Autoclaving-cooling is a common starch modification method to increase the resistant starch (RS) content. The effect of this method varies depending on the type of crop and treatment condition used. The objectives of this study were to verify the autoclaving-cooling treatment based on a meta-analysis result and to evaluate the physicochemical properties of modified starches. The meta-analysis study used 10 articles from a total of 1,293 that were retrieved using the PRISMA approach.
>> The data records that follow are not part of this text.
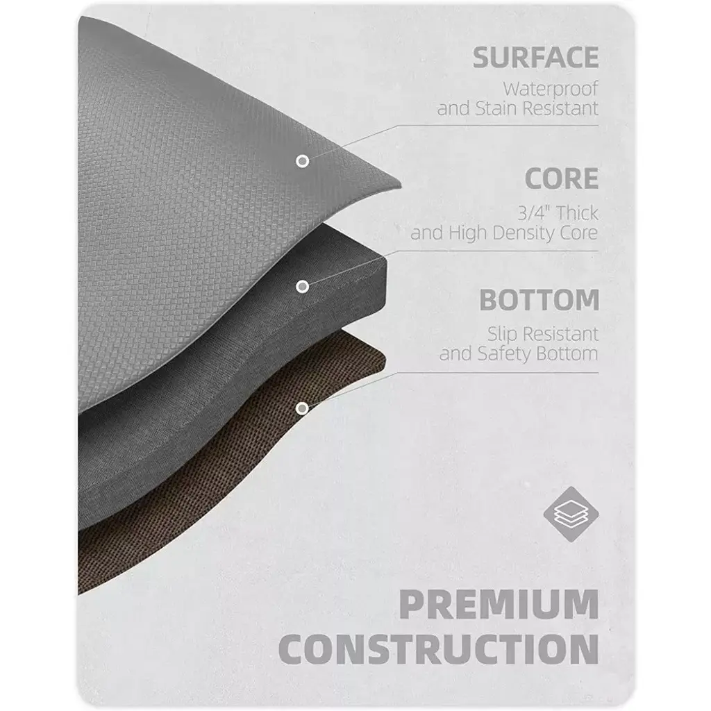 Brighten up your cooking experience with this superior kitchen mat. Colors easily complement already existing home décor for simple and chic design. Anti-fatigue mats are made of polyvinyl foam for better posture and long-lasting comfort while you perform all of your daily kitchen tasks. Non-slip surface and rubber skid-resistant backing help to keep the mat firmly in place while you work. Great for use in the kitchen sink, stove, or even laundry area.
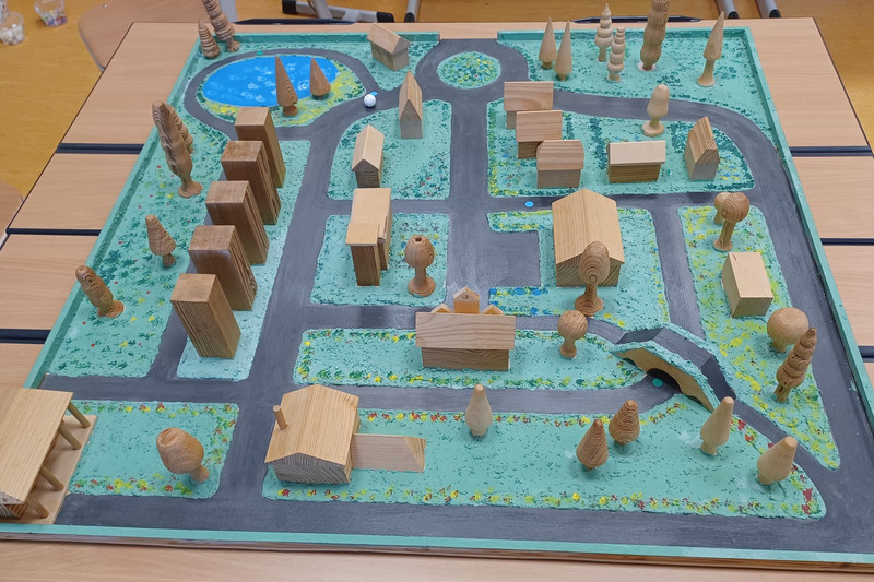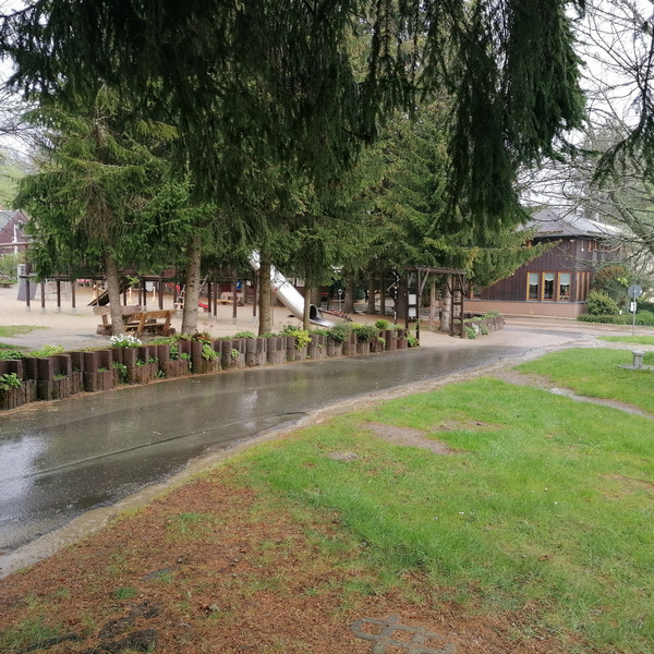 Am nächsten Tag wanderten wir nach dem Frühstück zum Raumfahrtmuseum nach Morgenröthe-Rautenkranz. Wir machten einen Zwischenstopp an einem See und ruhten uns kurz aus. Im Regen liefen wir weiter, sangen und nutzten unseren Regenschirm als „Mikrofon“. Die Lücken zwischen den Kindern wurden immer größer, denn vielen Kindern ging die Puste aus. Wir waren spät dran und durften nicht langsamer laufen. Im Raumfahrtmuseum erwartete uns eine abwechslungsreiche Führung und danach ein kurzer Film. Währenddessen schliefen einige Kinder sogar ein. Der Rückweg wurde unter Stöhnen angetreten. Wir konnten schon nach einem Kilometer nicht mehr und wurden immer langsamer. Es ging bergauf und bergab und eher als erwartet, sahen wir unsere Häuschen und den Spielplatz. Das war eine Freude. Wir kamen sogar noch pünktlich zum Mittagessen. Durch den Dauerregen konnten wir nicht in den Kletterwald. Stattdessen gingen wir in Kleingruppen auf den Boulderboden. Zuerst konnten wir uns selbst ausprobieren. Danach durften einige Kinder Wäscheklammern verstecken, die die anderen finden mussten. Abends waren wir noch im Indoor-Spielplatz und konnten uns lange verausgaben. Müde fielen wir ins Bett, schliefen aber längst nicht so schnell ein, wie sich das die Lehrerinnen und Begleitpersonen gewünscht hätten.
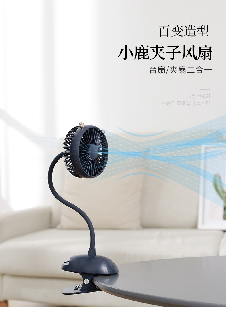 小鹿夹子风扇 台扇夹扇二合一桌面充电风扇 夏日公司生日礼物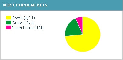 유력 베팅사이트 23개의 베팅 결과를 집계한 '오드체커'에 따르면 12일 오후 5시 현재 브라질 승리에 걸린 평균 배당률은 4/11로 한국의 9/1보다 월등하게 낮다.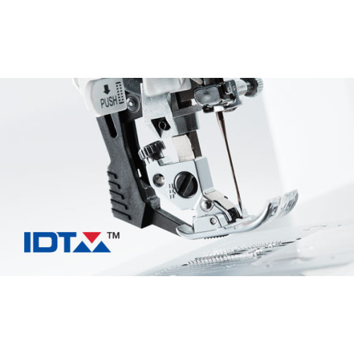 Originální systém IDT - Integrované duální podávání/transport - patentovaný systém firmy Pfaff - absolutně rovnoměrné podávání látky seshora i zespodu, vynikající pro jemné a velmi těžké materiály v několika vrstvách, zabraňuje posunu více vrstev materiálů mezi sebou. To stejné využijete při zapošití, kdy IDT systém dokáže pracovat obráceně a materiál je rovnoměrně posunut zpět a opět dopředu. Nemusíte dokupovat méně efektivní kráčející patku, která nemá takovou sílu. Systém lze jednoduše zapnout, nebo vypnout.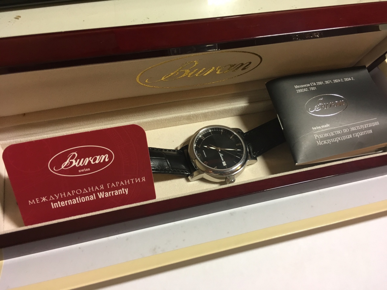 Швейцарские Часы БУРАН СА СЕВЕРНАЯ ПАЛЬМИРА Swiss BURAN SA NORTHERN PALMYRA B2412814490. Состояние отличное, поставил бы АА, но ремешок подводит,на ремне следы носки, как правило новый хозяин новый ставит. Swiss made. Механизм автоподзавод ЕТА 2824-2, витики на механизме синенькие, красиво. Диаметр 42мм. Стекло сапфир, антиблик. Люм стрелки и отметки. В носке мало, с осени 2016. Лимитированная серия 99 штук. На задней крышке гравировка таможенной службы, спец заказ. Без ремонта и вскрытия. В комплекте все пленочки, документы и коробка из красного дерева. Лимитка, сапфир, люм, eta 2824-2 отличный набор! Выставлял уже ранее на продажу, но передумал. Теперь снова в продаже!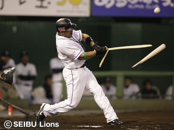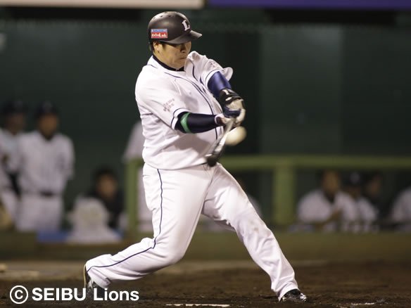 6番 G.G.佐藤 三ゴ 1-1からの変化球を打ち損じてしまい、サード・森野にさばかれた。 |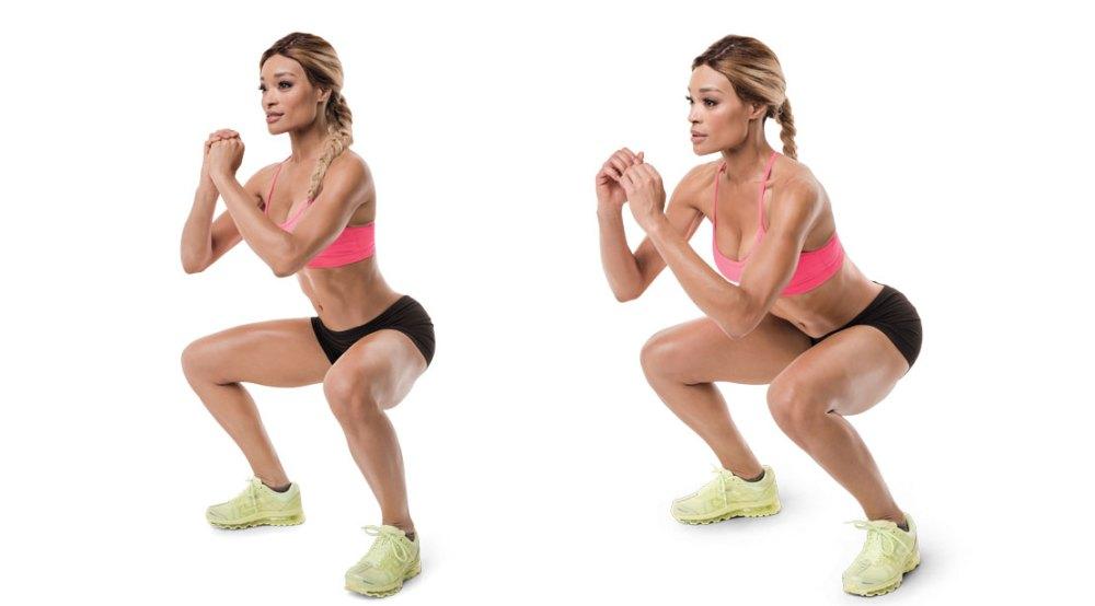 在做相扑式深蹲时,你的双腿要向两侧比髋部的距离打开得更宽一些,双脚稍稍向外外旋,让你的膝盖在下蹲时可以对准脚尖。然后屈膝屈髋将身体向下下蹲,将骨盆保持在肩部的正下方,双脚站稳地面不发生位移的同时,将双腿做外旋的动作,激活臀部肌群。然后从脚后跟开始发力,将身体站立起来,回到起始的站立姿势。你如果想要增加这个动作的训练强度,可以在起身站立的时候,将脚后跟抬离地面。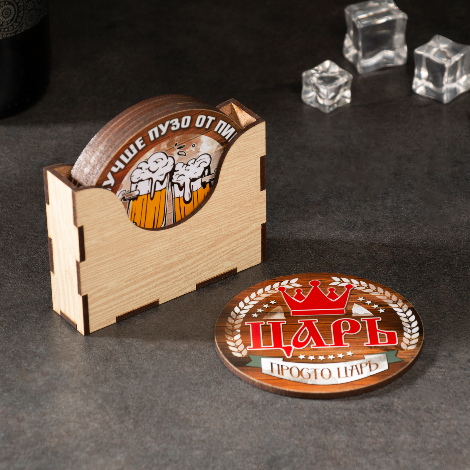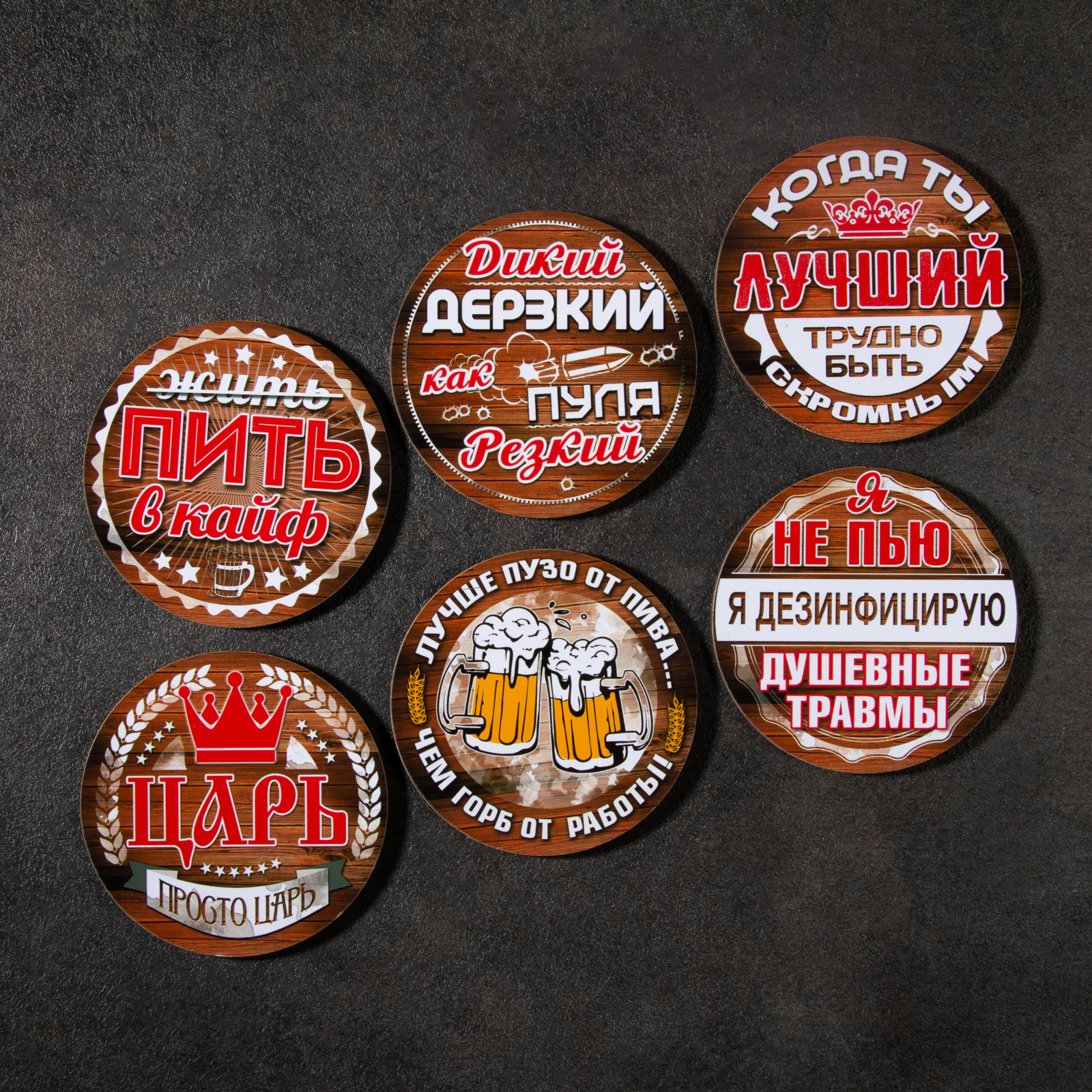 Набор подставок под бокалы в держателе , 6 штук, "фразы", D = 9 см, 9,5 х 9 х 2,5 см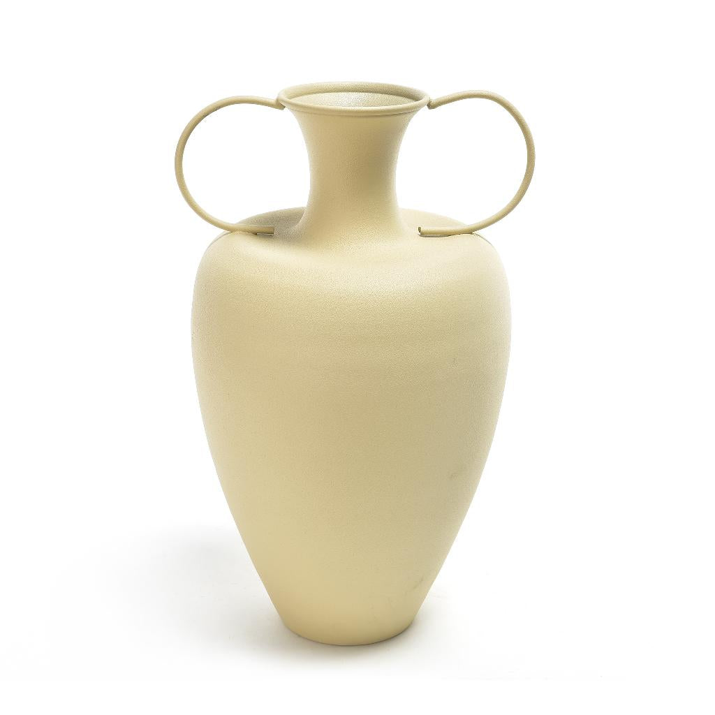 Il vaso bottiglia tondo con manici in metallo è un elegante e pratico accessorio decorativo, perfetto per dare un tocco di stile a qualsiasi ambiente, sia interno che esterno.

Meta-analysis showed that the optimal treatments of autoclaving-cooling process that increase the RS content significantly, was in starch samples from the cereal group (corn, oats, rice) (SMD: 19.60; 95% CI: 9.56–29.64; p < 0.001), with water ratio 1:4 (SMD: 13.69; 95% CI: 5.50–21.87; p < 0.001), using two cycles of autoclaving-cooling (SMD: 16.33; 95% CI: 6.98–25.67; p < 0.001) and 30 min of autoclaving heating (SMD: 12.97; 95% CI: 1.97–23.97; p < 0.001) at 121°C (SMD: 12.18; 95% CI: 1.88–22.47; p < 0.001). Verification using corn flour and corn starch showed a significant increase in RS contents from 15.84 to 27.78% and from 15.27 to 32.53%, respectively, and a significant decrease in starch digestibility from 67.02 to 35.74% and from 76.15 to 28.09%, respectively. Treated sample also showed the pasting profile that was stable under heating and stirring.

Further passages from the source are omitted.